Sunday, October 26, 2014

Yu-Gi-Oh! Reaper - Chapter Two

In chapter one, we got the backstory of this book, the setup, and we were introduced to the concept of Reaper, his reputation, the viewpoints regarding him, and met two of the main characters. In this chapter we actually get to meet Reaper, to know him as a person. We're introduced to his methods, his intention, his limits, and his...quirks. Next chapter we will get to the story proper.

 

Chapter Two

Gone Hunting


Dark smoke rolled along the ground, like thick, dark mist, along the old worn road for several yards before swirling upward into the sky and pouring through the air. Despite the fact that, in this form, the Reaper still couldn't move much faster than in his corporeal form, it was still convenient to be able to "smoke out" and move over the tops of buildings. After a couple of months he'd even finally gotten used to finding locations in the city from high above, something which had taken almost a month longer in Chicago.

I'm still not sure what the point was of witnessing that meeting, the Reaper thought.

He waited for a moment, as if expecting an answer to his thought, and then he got one. A whisper in his mind replied, Now you know that they are looking for you.

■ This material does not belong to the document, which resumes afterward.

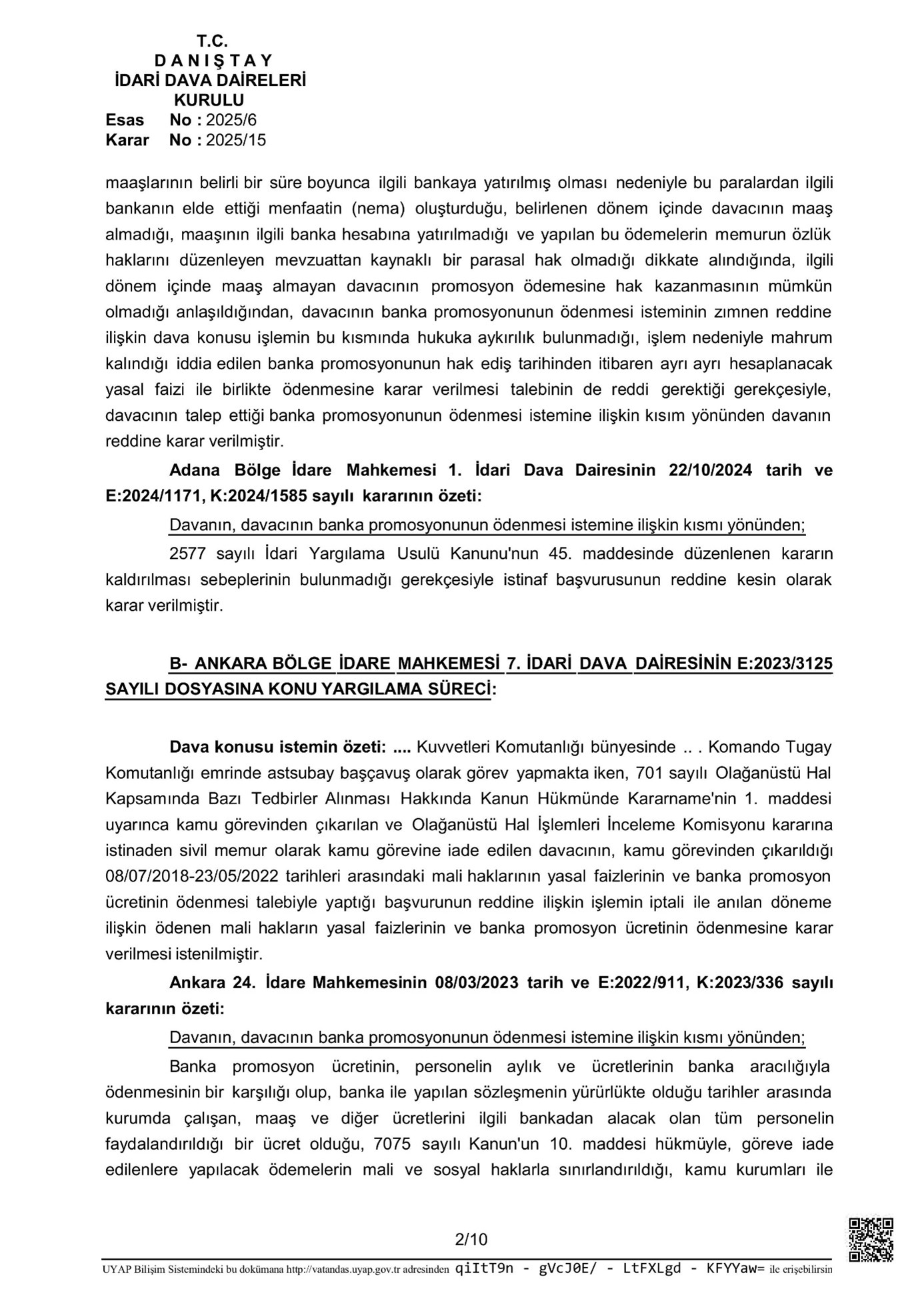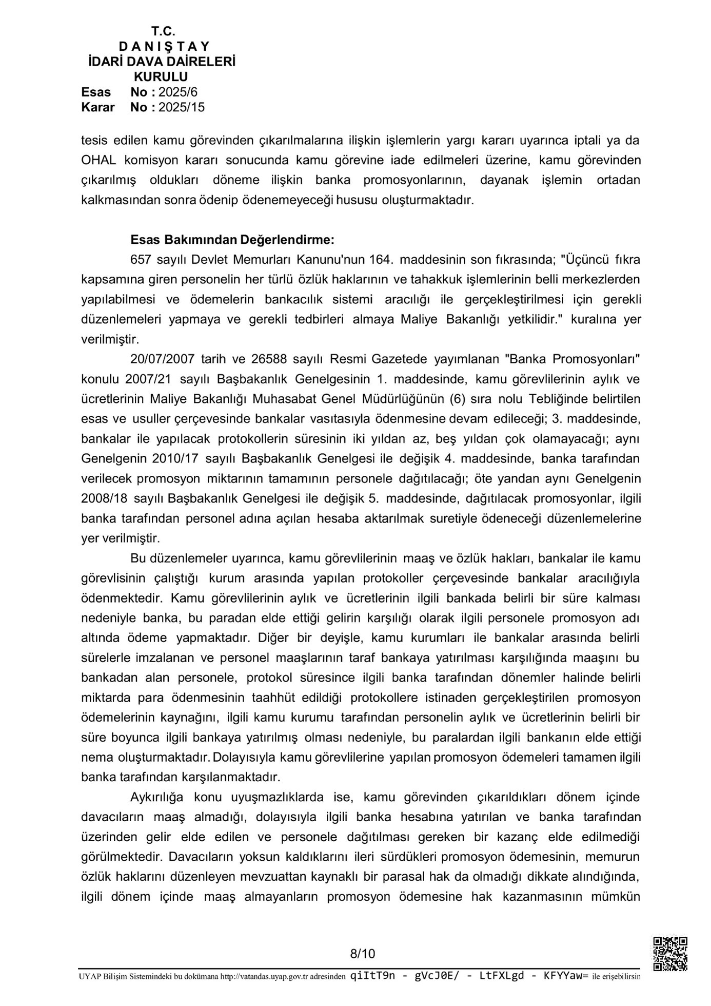 İdari Dava Daireleri Kurulu tarafından yapılan değerlendirmede özetle; banka promosyonuna dair süreçlerin memurların özlük haklarını düzenleyen mevzuata dayanmadığı, kamu misyonundan çıkarılan bireylerin bu periyotta maaş almadıkları, hasebiyle maaşa dayalı olarak banka tarafından rastgele bir gelir elde edilmediği dikkate alındığında promosyon ödemesinin yapılmasının imkanlı olmadığı tabir edilmiştir.

I left a note for them, complete with a literal calling card, Reaper thought back, of course they're looking for me.

And you, the Whisper countered, know exactly how they are proceeding, and who exactly is involved. From this point forward you'll know just what to avoid to protect your identity. After all, that was the entire point of recording your last bust and leaving the message for them in the first place I believe.

On his half-formed, misty face, behind the smoke which obscured it still, the Reaper scowled as he wondered if that was really the reason why he'd left that note and the 'Grim Reaper' Duel Monsters card from his own collection, or if he'd done it for a simpler purpose. He'd have liked to think that he'd sent the disk and the note to be clever and catch his adversaries in the NYPD in some kind of trap, but really, deep down, he'd done it because he was tired of no one knowing that he was there, risking his life. Even if it came in the form of an active investigation into his actions, he just wanted a little recognition, even if recognition wasn't the reason why he did what he did.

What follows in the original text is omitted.